The Givens and Hoeting textbook contains a toy example that illustrates the idea pretty well. In the example, there are two variables, \(Y_1\) and \(Y_2\), which are independantly and identically distributed – \(Y_1,\; Y_2 \sim Exp(\theta)\). \(y_1\) is 5, but \(y_2\) is missing.

E Step

First, let’s find the log likelihood function of the complete data. Note that the probability distribution function of the exponential distribution is \(f(x) = \theta e^{-\theta x}\)

\[\begin{align*} L(\theta \vert y) &= \theta e^{-\theta y_1}\theta e^{-\theta y_2} \\ l(\theta \vert y) &= log(L(\theta \vert y)) = log(\theta e^{-\theta y_1}\theta e^{-\theta y_2}) \\ &= log(\theta e^{-\theta y_1}) + log(\theta e^{-\theta y_2}) \\ &= log(\theta) - \theta y_1 + log(\theta) - \theta y_2 \\ &= 2log(\theta) - \theta y_1 - \theta y_2 \end{align*}\]

How do we use this log likelihood to find \(Q(\theta \vert \theta^{(t)})\)? Our current log likelihood is for the complete data, but we have observed \(y_1 = 5\). We can find the conditional expectation of \(y_2\) based on the observed value for \(y_1\). Let’s note here that \(y_1\) and \(y_2\) are independent of each other and the mean of the exponential distribution is always \(\frac{1}{\theta}\). Thus,

\[\begin{gather*} E[Y_2 \vert y_1, \; \theta^{(t)}] = E[Y_2 \vert \theta^{(t)}] = \frac{1}{\theta^{(t)}} \end{gather*}\]

We can use the observed data and the conditional expectation to write the E step as:

\[\begin{gather*} Q(\theta \vert \theta^{(t)}) = 2log(\theta) - 5\theta - \frac{\theta}{\theta^{(t)}} \end{gather*}\]

M Step

To find the argmax of the \(Q(\theta \vert \theta^{(t)})\), we can derive with respect to \(\theta\) and solve.
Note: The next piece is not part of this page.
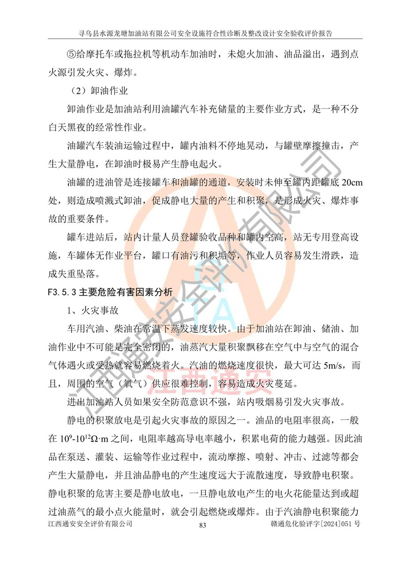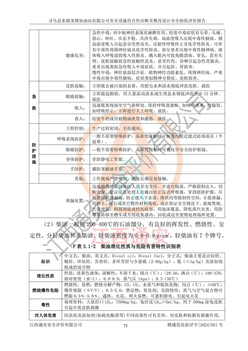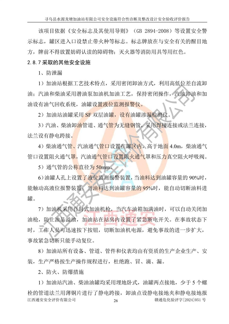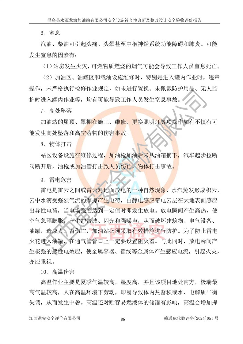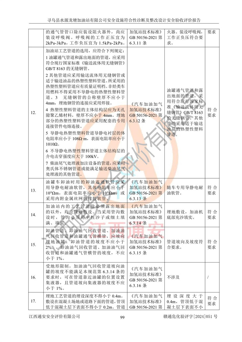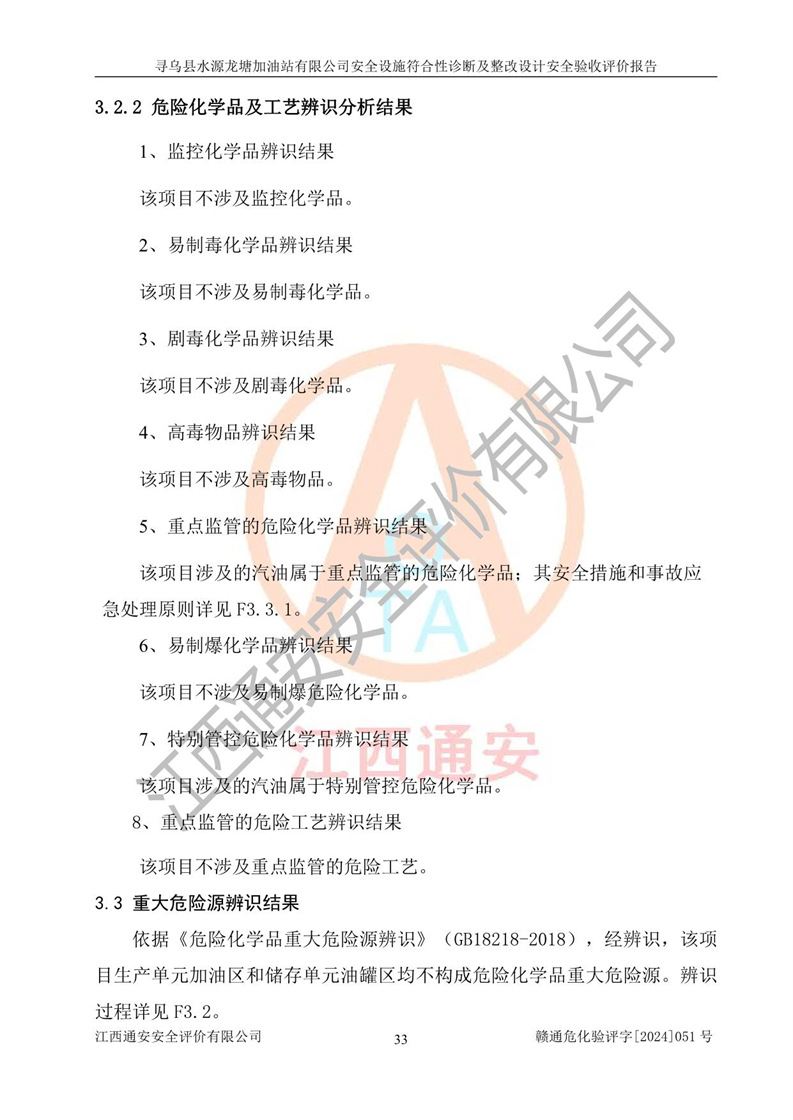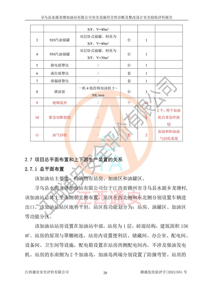 其它 | 1、尋烏縣水源龍?zhí)良佑驼居邢薰?/span>為成品油零售企業(yè),屬于二級加油站,油罐區(qū)為主要危險源。該加油站不構(gòu)成危險化學品重大危險源。 2、尋烏縣水源龍?zhí)良佑驼居邢薰?/span>所經(jīng)營的汽油屬于重點監(jiān)管危險化學品,應加強安全管理,根據(jù)“汽油安全措施和應急處理原則”要求的措施進行檢查,加油站設(shè)置了視頻監(jiān)控系統(tǒng)、具有液位報警功能的液位監(jiān)測系統(tǒng)、滲漏檢測,并制定各種管理制度和操作規(guī)程,已落實到位。 3、通過本報告分析,該項目投入經(jīng)營后仍將面對多種危險因素,如火災,爆炸、中毒、電氣傷害、**傷害、噪聲等危險有害因素。而項目*主要的危險、有害因素是火災、爆炸,對此,加油站全體員工**保持**的安全防護意識。 4、項目公用工程能夠滿足安全經(jīng)營的基本需要。 5、該加油站內(nèi)部平面布置符合**和行業(yè)相關(guān)標準、規(guī)范的要求。建筑結(jié)構(gòu)、消防、安全設(shè)施等布置明確、合理,符合各相關(guān)規(guī)范的要求。 6、加油站取得了雷電防護裝置檢測報告。 7、項目油罐、通氣管口和加油機與外部環(huán)境的防火距離、平面布置、消防安全設(shè)施和措施滿足法律法規(guī)、標準規(guī)范的要求。電氣防爆保護、機械設(shè)備的安全保護等方面的安全設(shè)施建立**。 8、作業(yè)條件危險性評價結(jié)果:在選定的3個單元的危險程度為“一般危險、需要注意”或“稍有危險,可以接受”,且一般危險或稍有危險作業(yè)環(huán)境的出現(xiàn)均由物料的危險程度所決定,作業(yè)條件相對安全。 9、危險度評價結(jié)果:油罐區(qū)得分為12分,為Ⅱ級,屬于中度危險。加油站油罐安裝高液位報警功能的液位監(jiān)測系統(tǒng),當油料達到油罐容量90%時,觸動高液位報警裝置,油料達到油罐容量95%時,自動停止油料繼續(xù)進罐。同時,也采取了防止油品滲漏的保護措施,降低火災爆炸危險,滿足安全經(jīng)營條件要求。 10、加油站建立了安全責任制,制定了安全管理制度、操作規(guī)程,編制了事故應急預案,配備了應急救援器材,按要求定期進行相關(guān)培訓及演練。 11、該項目不涉及重大生產(chǎn)安全事故隱患,安全經(jīng)營條件符合《危險化學品經(jīng)營許可證管理辦法》的要求。 12、該安全設(shè)施診斷設(shè)計整改意見已按要求整改完善,符合要求。 尋烏縣水源龍?zhí)良佑驼居邢薰驹谝垩b置安全設(shè)施診斷設(shè)計的安全設(shè)施及安全管理符合**及有關(guān)部門關(guān)于安全生產(chǎn)法律、法規(guī)、標準的要求,工藝設(shè)備、安全設(shè)施等運行正常,安全設(shè)施、措施達到設(shè)計要求和預期結(jié)果,符合經(jīng)營和儲存危險化學品(汽油、柴油)的安全條件要求,具備了安全設(shè)施竣工驗收條件。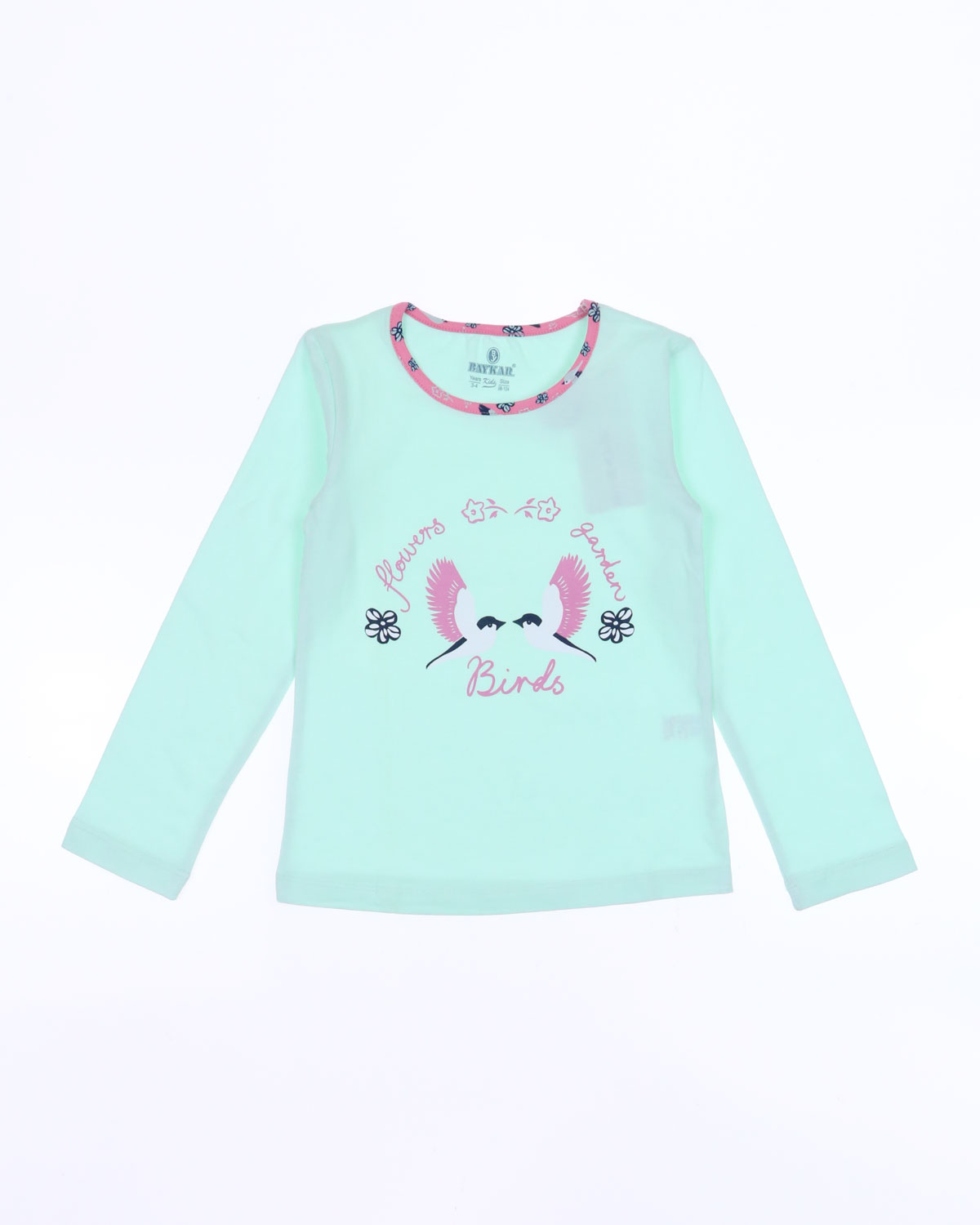 Пижама BAYKAR для девочки оптом с длинными рукавами и прямыми брюками без манжетов. Поверхность пижамки не закатается и не покроется пилями,  благодаря высокому качеству хлопка. Небольшое добавление эластана не позволит изделию сесть и не даст вытянуться.

\[\begin{gather*} \frac{\partial Q(\theta \vert \theta^{(t)})}{\partial \theta} = \frac{2}{\theta} - 5 - \frac{1}{\theta^{(t)}} = 0 \\ \theta = \frac{2\theta^{(t)}}{5\theta^{(t)} + 1} \end{gather*}\]

Thus, \(\theta^{(t+1)} = \frac{2\theta^{(t)}}{5\theta^{(t)} + 1}\).

Clustering with EM

A common machine learning problem involves assigning data to clusters. EM is generally used in this context when we assume that our data corresponds to a Gaussian mixture model. Here, each Gaussian component represents a cluster, and each point gets assigned some probability of belonging to each cluster. This is also called soft clustering, as opposed to hard clustering, in which each point is explicitly assigned some cluster.

Gaussian Mixture Models

A mixture model consists of \(n\) distributions, each with a weight. All weights sum to 1. In a Gaussian mixture model, each of the component distributions is a normal distribution. For example, you may see mixture models written like this:

\[0.7N(7, 0.5^2) + 0.3N(10, 0.5^2)\]

This would imply that roughly 70 percent of observations are from the first distribution and 30 percent of observations are from the second one.

More generally, a Gaussian mixture model can be expressed as:

\[\sum\limits_{k} \lambda_k N(\mu_k, \sigma_k^2)\]

where \(\lambda_k's\) are the weights and \(\sum\limits_k \lambda_k = 1\).

For clustering purposes, the parameters to estimate are the mean and standard deviations of each Gaussian component, and the hidden variables are which Gaussian component each point corresponds to.